*** Records to use
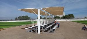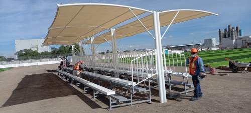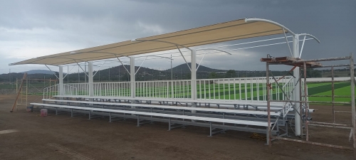 GRADA ACERO 10M X 3 FILAS DE ASIENTOS TECHADAS MALLA SOMBRA
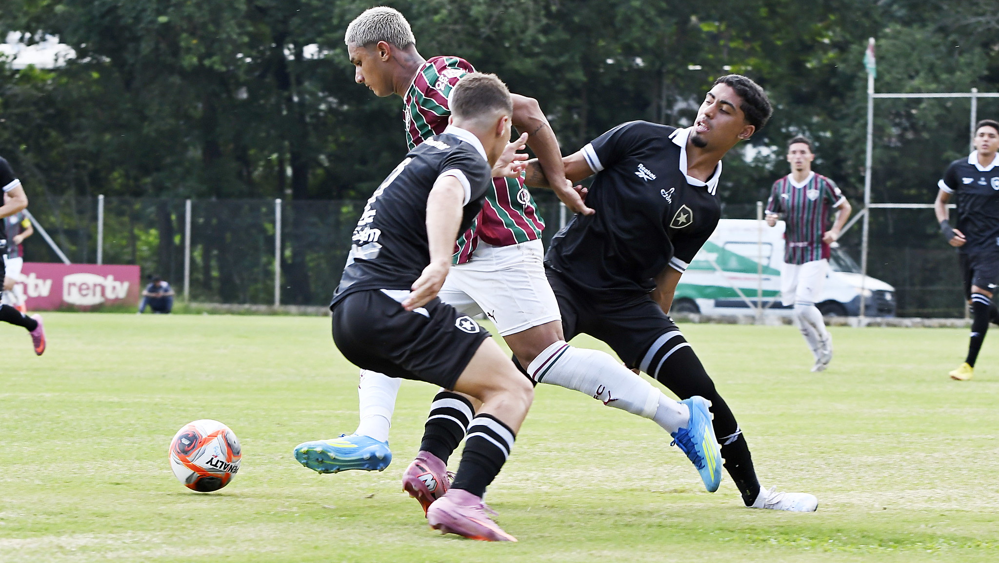 O Fluminense confirmou neste sábado (04/04) a liderança invicta do Grupo A da Copa Rio Sub-20. Em jogo válido pela sétima e última rodada, o Tricolor empatou em 1 a 1 com o Botafogo, no Estádio Marcelo Vieira, em Xerém, e eliminou o atual campeão. Naarã Lucas balançou a rede para os donos da casa, ampliando para oito jogos a invencibilidade da categoria.Leia mais: Jean Carlos e Crystian Gabriel comandam classificação do Brasil para final do Torneio Internacional de Montaigu Sub-16Os Moleques de Xerém jogaram o primeiro clássico da campanha já classificados para a semifinal. Com o resultado, o Flu chega a 17 pontos e disputa vaga na grande final contra o segundo colocado do Grupo B: Vasco ou America.
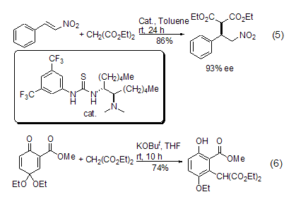 strong> The carbanion formed by diethyl malonate methylene can react with α,β-unsaturated carbonyl compounds (or analogs) to produce 1,4- Conjugate addition reaction (Formula 5, Formula 6)[9~12].
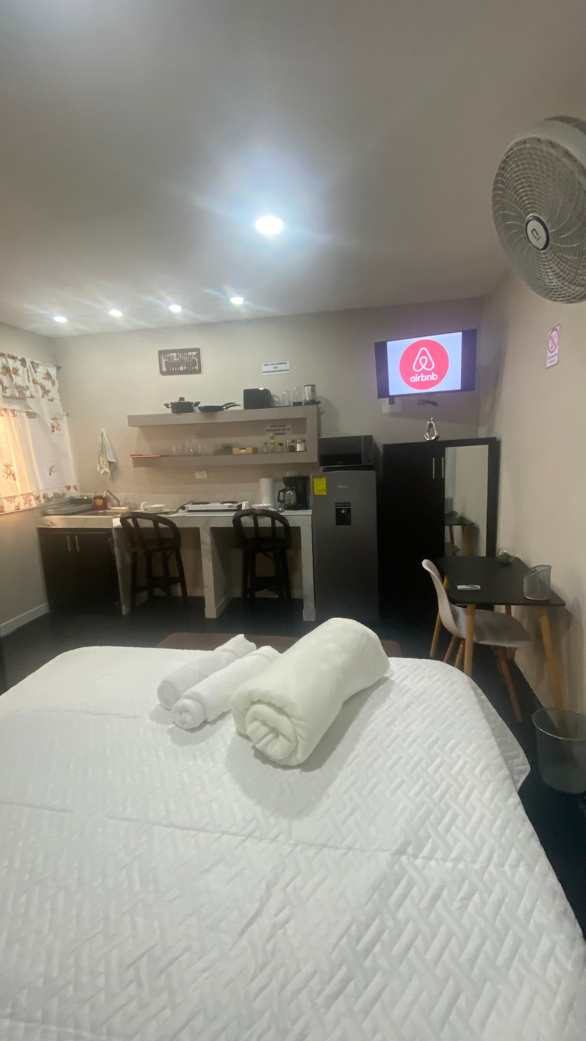 Apartamento Deluxe muy cómodo, la construcción es nueva e independiente, cuenta con 2 habitaciones, una habitación con cama Queen y área de trabajo, la otra habitación con una cama doble y una cama individual. Está ubicado en una zona segura, accesible y céntrica. A pocos metros puedes encontrar lugares para Comer, Comprar, Ejercitarte y Disfrutar. Esta Ubicados a 50 mts. del Estadio Los Cuchumatanes y a 150 mts del Mercado Municipal de la zona 8.
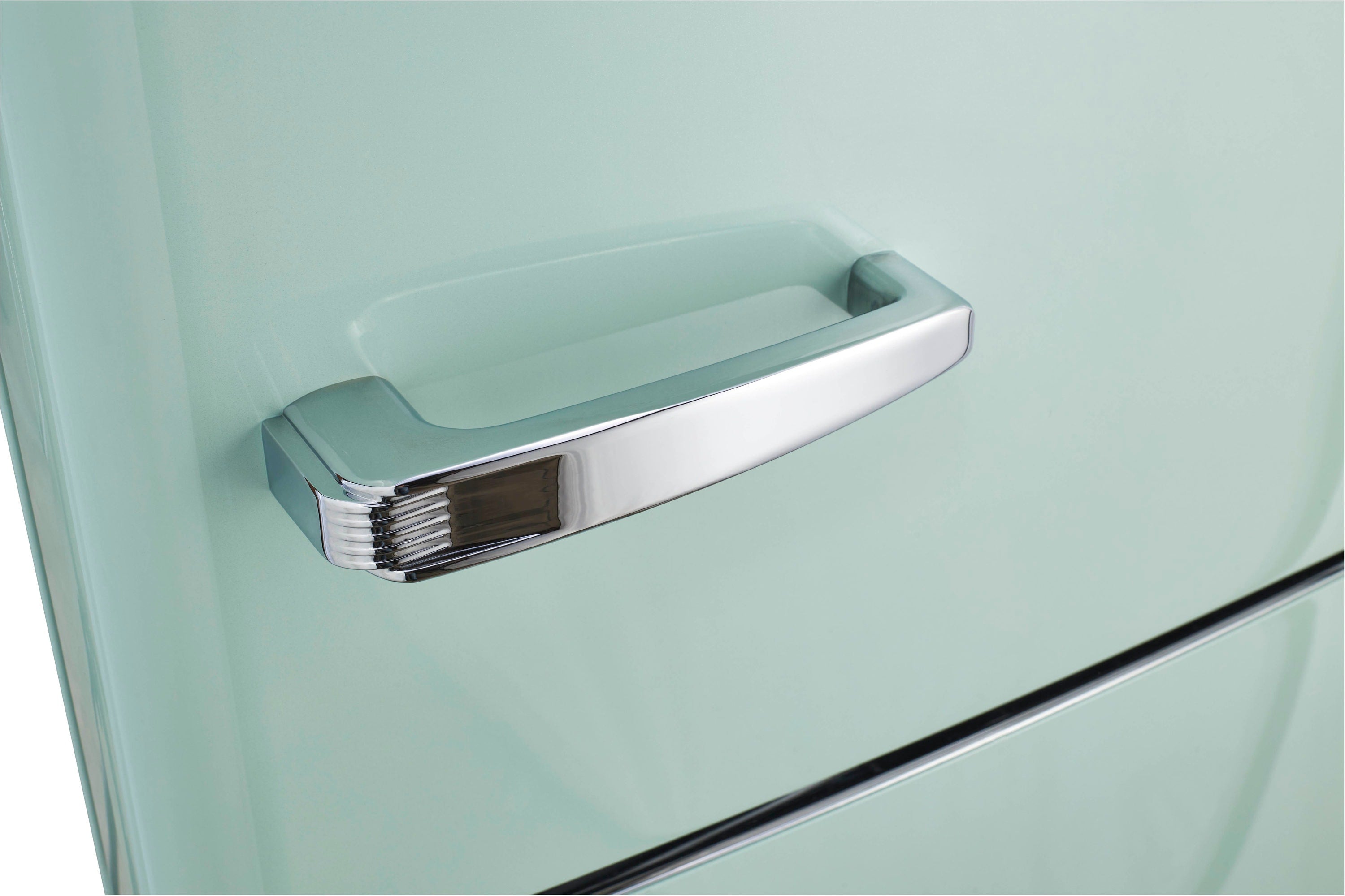 When you’re looking for more storage room, this 12 cu. Ft. Classic retro bottom-mount refrigerator comes with ample space to keep all your fresh and frozen foods, packaged in an eye-catching throwback design. Enjoy the ease of top-mounted fridge space that lets you reach in and find what you need without bending down. Plus the freezer bottom is designed to maximize storage for items you need less often.
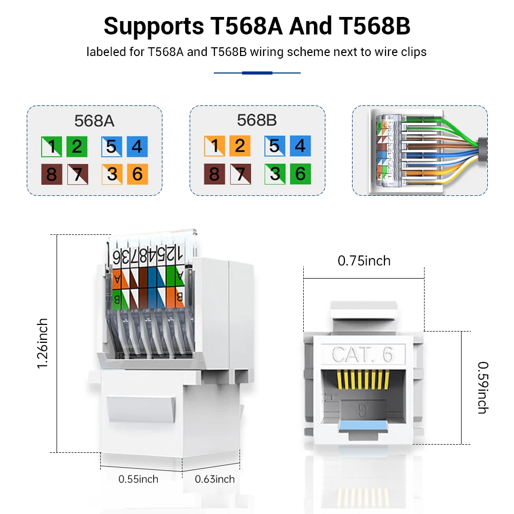 ✅Alto rendimiento: Cumple con el rendimiento de categoría 6 en cumplimiento con el estándar ANSI/TIA/EIA 568-C.2 y admite PoE. Compatible con sólidos y conductores de cobre trenzados de 23 a 26 AWG.
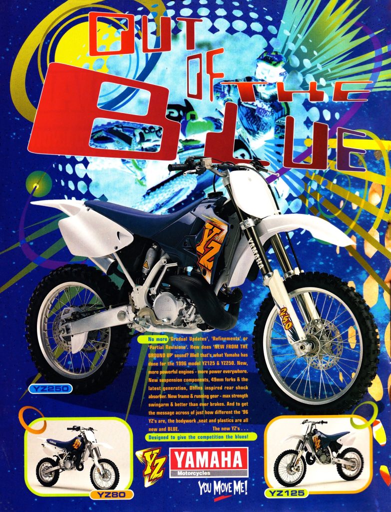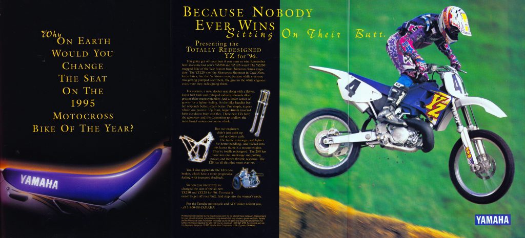 The 1990s were nothing if not bold, and boy howdy, Yamaha’s ad department was not afraid to uncork an optical assault to make sure you knew they had an all-new YZ125 and YZ250 on deck for 1996. I am sure this ad caught the eye of many readers as they flipped through the magazines, but I think it may have taken things a bit too far, as it is difficult to read and does not do a particularly good job highlighting the styling of the all-new machines.
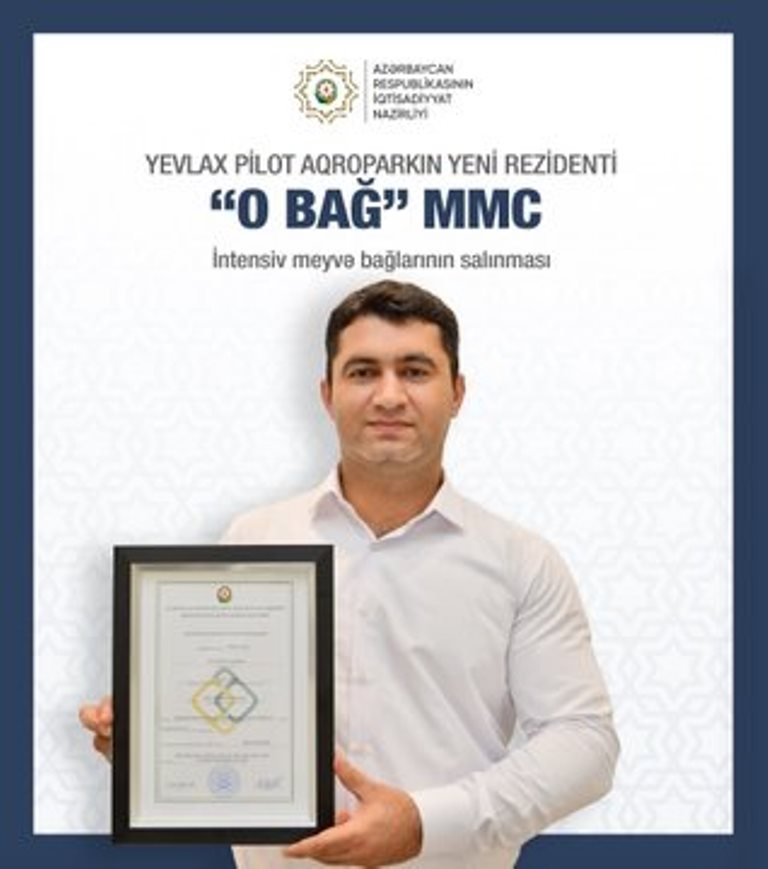 Yevlax Pilot Aqroparkda “O Bağ” MMC və fərdi sahibkar Mirsahib Səmədova rezident statusu verilib.Bunu iqtisadiyyat naziri Mikayıl Cabbarov “X” sosial şəbəkəsindəki hesabında bildirib.
******
> _How to complete this task_
The data above must be given back verbatim, minus its images.

> _Task solution_
 GRADA ACERO 10M X 3 FILAS DE ASIENTOS TECHADAS MALLA SOMBRA
 O Fluminense confirmou neste sábado (04/04) a liderança invicta do Grupo A da Copa Rio Sub-20. Em jogo válido pela sétima e última rodada, o Tricolor empatou em 1 a 1 com o Botafogo, no Estádio Marcelo Vieira, em Xerém, e eliminou o atual campeão. Naarã Lucas balançou a rede para os donos da casa, ampliando para oito jogos a invencibilidade da categoria.Leia mais: Jean Carlos e Crystian Gabriel comandam classificação do Brasil para final do Torneio Internacional de Montaigu Sub-16Os Moleques de Xerém jogaram o primeiro clássico da campanha já classificados para a semifinal. Com o resultado, o Flu chega a 17 pontos e disputa vaga na grande final contra o segundo colocado do Grupo B: Vasco ou America.
 strong> The carbanion formed by diethyl malonate methylene can react with α,β-unsaturated carbonyl compounds (or analogs) to produce 1,4- Conjugate addition reaction (Formula 5, Formula 6)[9~12].
 Apartamento Deluxe muy cómodo, la construcción es nueva e independiente, cuenta con 2 habitaciones, una habitación con cama Queen y área de trabajo, la otra habitación con una cama doble y una cama individual. Está ubicado en una zona segura, accesible y céntrica. A pocos metros puedes encontrar lugares para Comer, Comprar, Ejercitarte y Disfrutar. Esta Ubicados a 50 mts. del Estadio Los Cuchumatanes y a 150 mts del Mercado Municipal de la zona 8.
 When you’re looking for more storage room, this 12 cu. Ft. Classic retro bottom-mount refrigerator comes with ample space to keep all your fresh and frozen foods, packaged in an eye-catching throwback design. Enjoy the ease of top-mounted fridge space that lets you reach in and find what you need without bending down. Plus the freezer bottom is designed to maximize storage for items you need less often.
 ✅Alto rendimiento: Cumple con el rendimiento de categoría 6 en cumplimiento con el estándar ANSI/TIA/EIA 568-C.2 y admite PoE. Compatible con sólidos y conductores de cobre trenzados de 23 a 26 AWG.
 The 1990s were nothing if not bold, and boy howdy, Yamaha’s ad department was not afraid to uncork an optical assault to make sure you knew they had an all-new YZ125 and YZ250 on deck for 1996. I am sure this ad caught the eye of many readers as they flipped through the magazines, but I think it may have taken things a bit too far, as it is difficult to read and does not do a particularly good job highlighting the styling of the all-new machines.
 Yevlax Pilot Aqroparkda “O Bağ” MMC və fərdi sahibkar Mirsahib Səmədova rezident statusu verilib.Bunu iqtisadiyyat naziri Mikayıl Cabbarov “X” sosial şəbəkəsindəki hesabında bildirib.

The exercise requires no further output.